Source records:
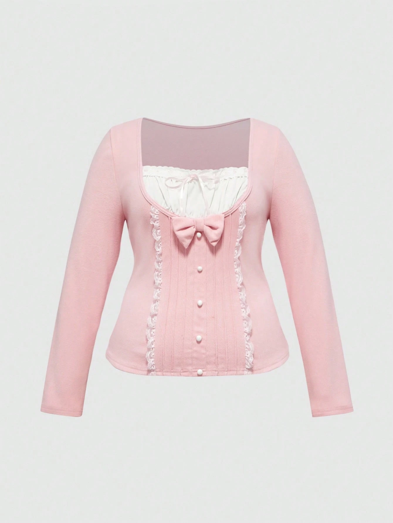 Kawaii T-shirt à manches longues 2 en 1 avec décoration nœud mignon pour femmes grande taille
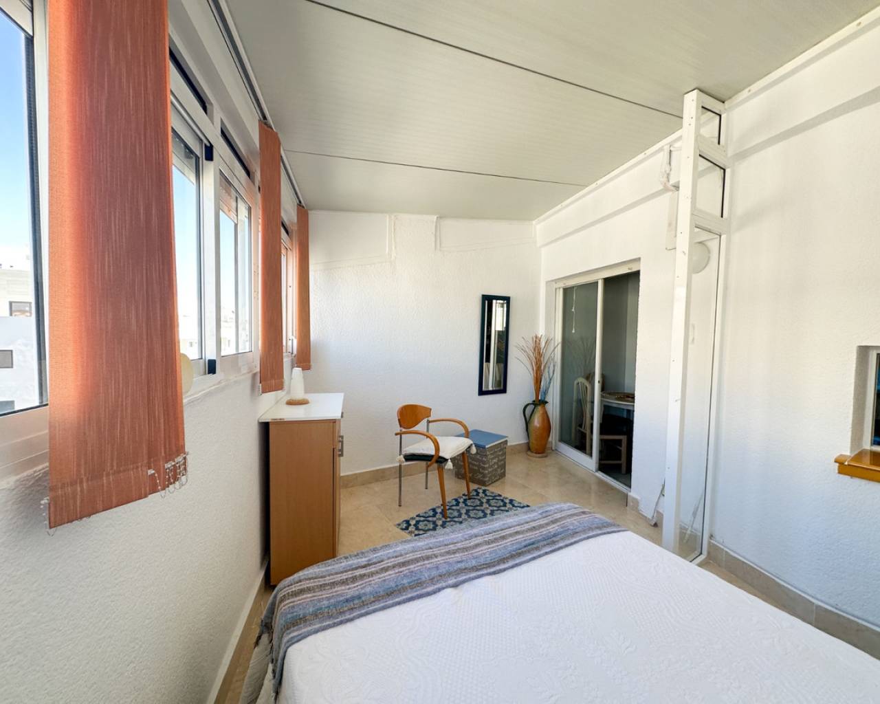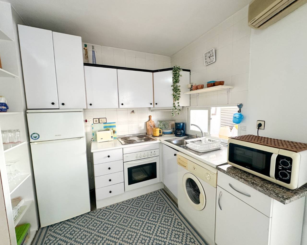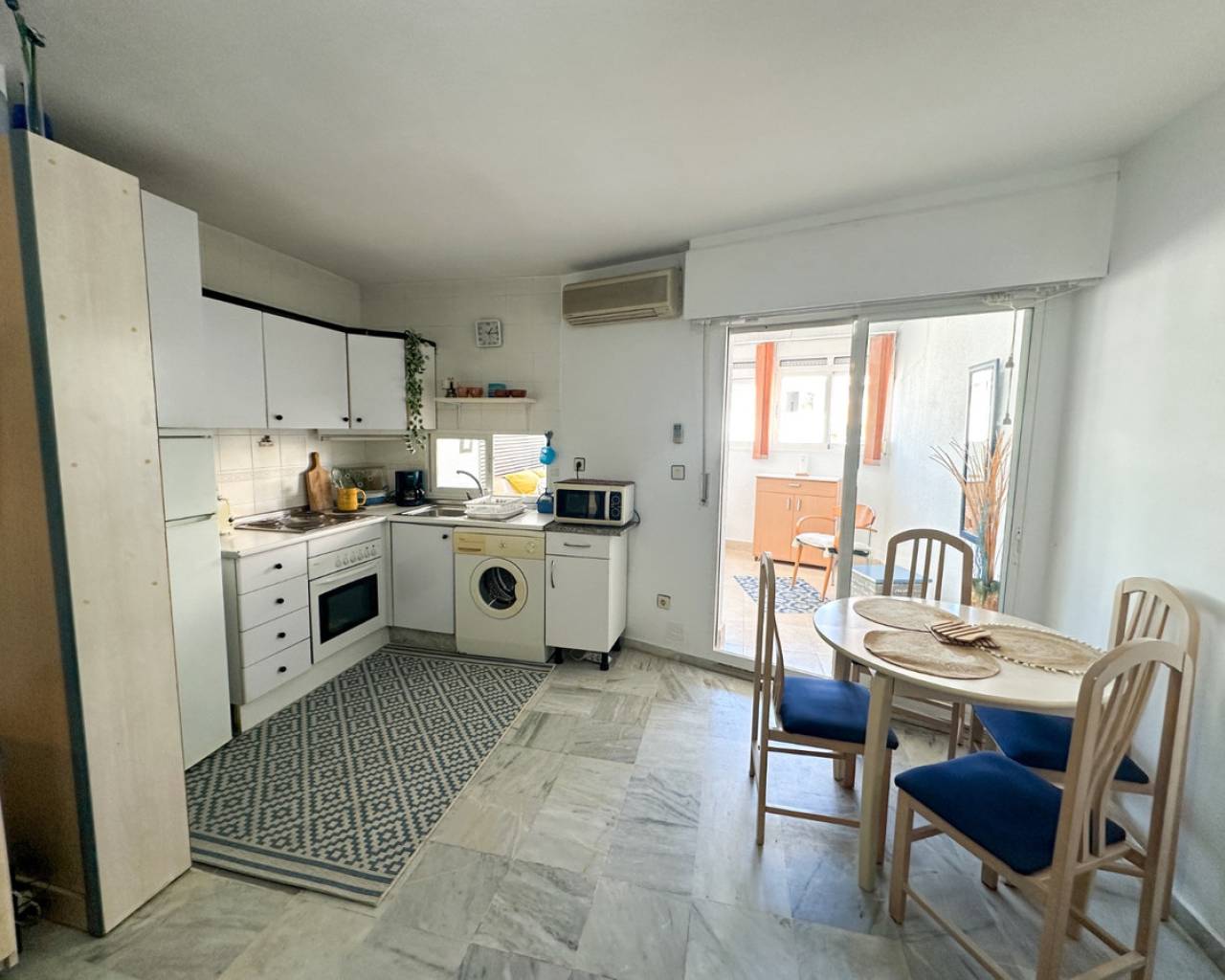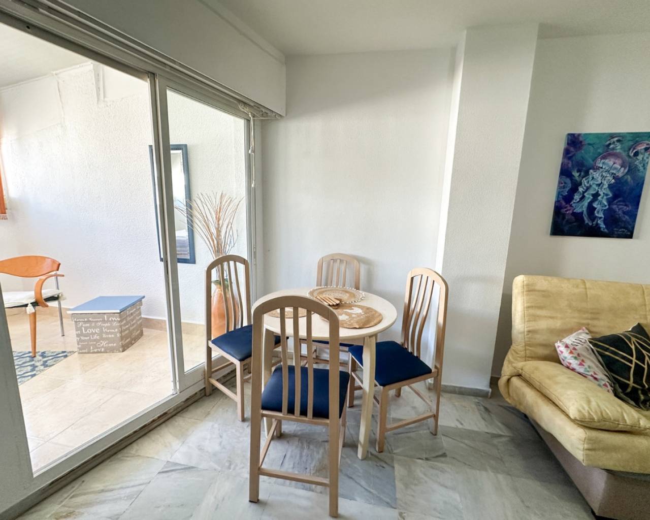 This cozy studio apartment is ideally located in Torrevieja, just 200 meters from the popular Playa del Cura, making it perfect for enjoying the Mediterranean lifestyle. The property offers a bright and open living space, thoughtfully designed to maximize comfort and functionality. Large windows allow plenty of natural light to fill the room, creating a warm and inviting atmosphere. The studio features a practical layout with a combined living and sleeping area, a fully equipped kitchenette, and a modern bathroom. Whether you're looking for a holiday getaway, a rental investment, or a compact home by the sea, this apartment provides everything you need. Situated in a lively area, you'll find a wide range of restaurants, cafés, shops, and local amenities within walking distance. The beach is just a short stroll away, where you can enjoy sunbathing, swimming, or relaxing walks along the promenade. This is a fantastic opportunity to own a charming property in one of Torrevieja's most sought-after coastal locations.
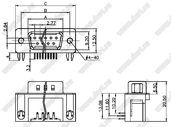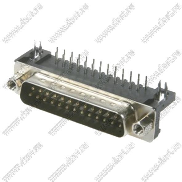 Каталог > Электронные компоненты, радиодетали > Разъёмы (соединители, переходники) > Разъемы D-SUB > DS1037-xxX (5504-xxX, DRB-xxX) серия: вилки и розетки D-SUB угловые для пайки в плату > DS1037-01-25M-A (5504-25P-B, DRB-25MB)
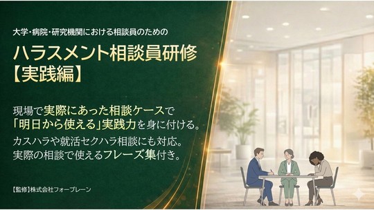 本研修では、大学をはじめとする教育研究機関等におけるハラスメントの相談事例をケーススタディとして取り上げ、「相談員としてどのように対応すべきか」受講者のみなさんに考えていただきながら、演習を通じて体感的に対応方法を習得いただきます。
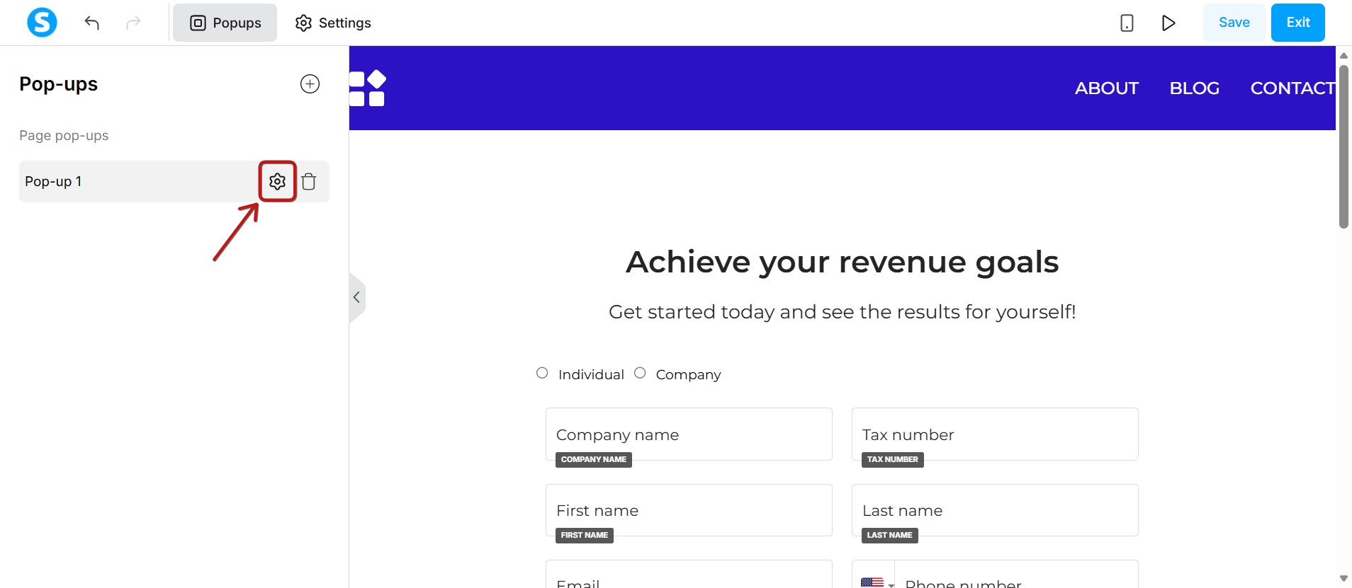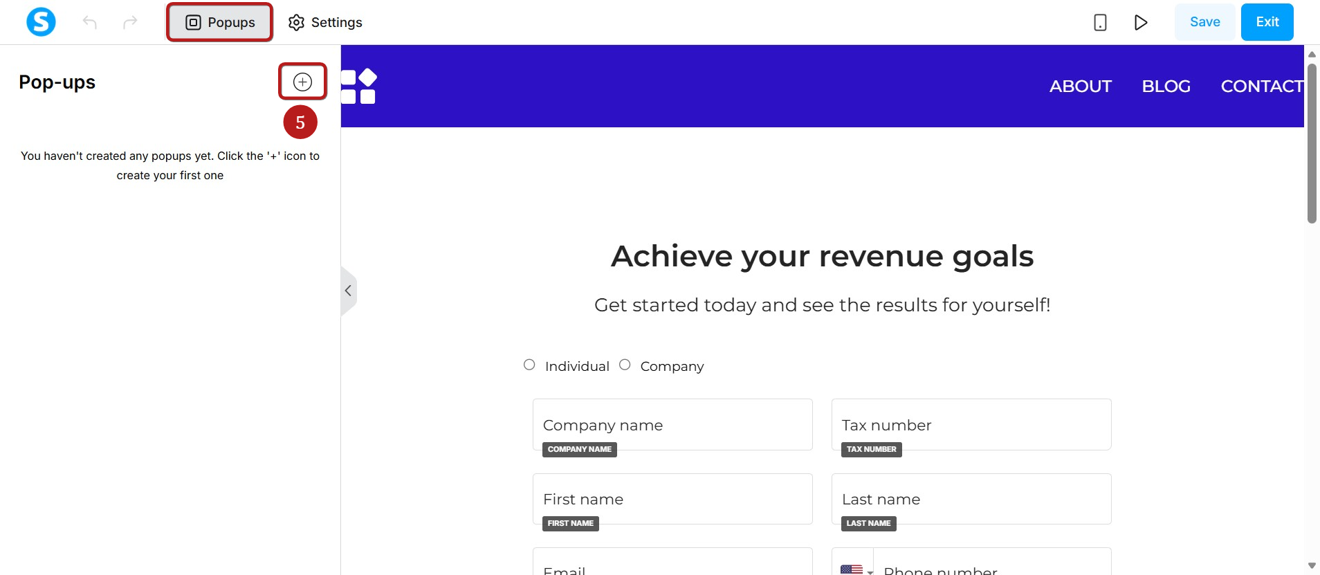 Once inside the editor, click on Popups, then click the + icon to add a new popup (5).
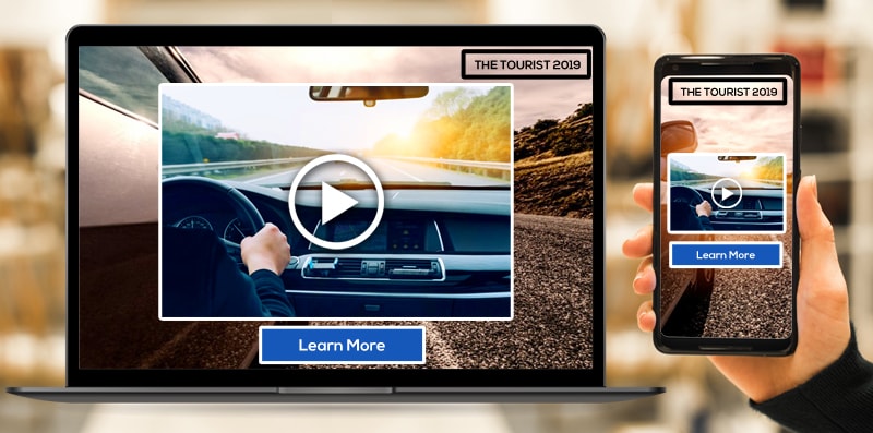 • Responsive videos with close ad and skip ad option on desktop, tablets, and mobiles. This video shows up in-between a browsing session when the user is online.
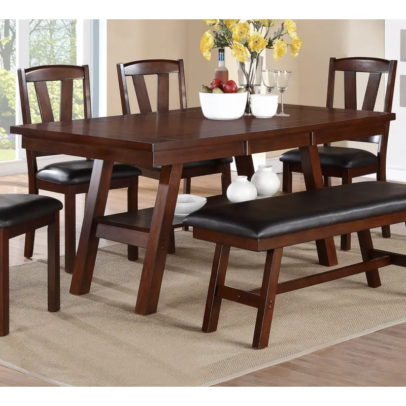 A strong design of bold lines and dark hues, this formal dining table set features chairs(Sold separately) and tables of various heights and a bench covered in a dark walnut finish in solid wood birch veneer.The chair back supports have a "v" design making it a handsome piece for your home dining space.

Exercise objective: All of the entries must be reproduced exactly, apart from the pictures, which are to be dropped.

Response below:
 Kawaii T-shirt à manches longues 2 en 1 avec décoration nœud mignon pour femmes grande taille
 This cozy studio apartment is ideally located in Torrevieja, just 200 meters from the popular Playa del Cura, making it perfect for enjoying the Mediterranean lifestyle. The property offers a bright and open living space, thoughtfully designed to maximize comfort and functionality. Large windows allow plenty of natural light to fill the room, creating a warm and inviting atmosphere. The studio features a practical layout with a combined living and sleeping area, a fully equipped kitchenette, and a modern bathroom. Whether you're looking for a holiday getaway, a rental investment, or a compact home by the sea, this apartment provides everything you need. Situated in a lively area, you'll find a wide range of restaurants, cafés, shops, and local amenities within walking distance. The beach is just a short stroll away, where you can enjoy sunbathing, swimming, or relaxing walks along the promenade. This is a fantastic opportunity to own a charming property in one of Torrevieja's most sought-after coastal locations.
 Каталог > Электронные компоненты, радиодетали > Разъёмы (соединители, переходники) > Разъемы D-SUB > DS1037-xxX (5504-xxX, DRB-xxX) серия: вилки и розетки D-SUB угловые для пайки в плату > DS1037-01-25M-A (5504-25P-B, DRB-25MB)
 本研修では、大学をはじめとする教育研究機関等におけるハラスメントの相談事例をケーススタディとして取り上げ、「相談員としてどのように対応すべきか」受講者のみなさんに考えていただきながら、演習を通じて体感的に対応方法を習得いただきます。
 Once inside the editor, click on Popups, then click the + icon to add a new popup (5).
 • Responsive videos with close ad and skip ad option on desktop, tablets, and mobiles. This video shows up in-between a browsing session when the user is online.
 A strong design of bold lines and dark hues, this formal dining table set features chairs(Sold separately) and tables of various heights and a bench covered in a dark walnut finish in solid wood birch veneer.The chair back supports have a "v" design making it a handsome piece for your home dining space.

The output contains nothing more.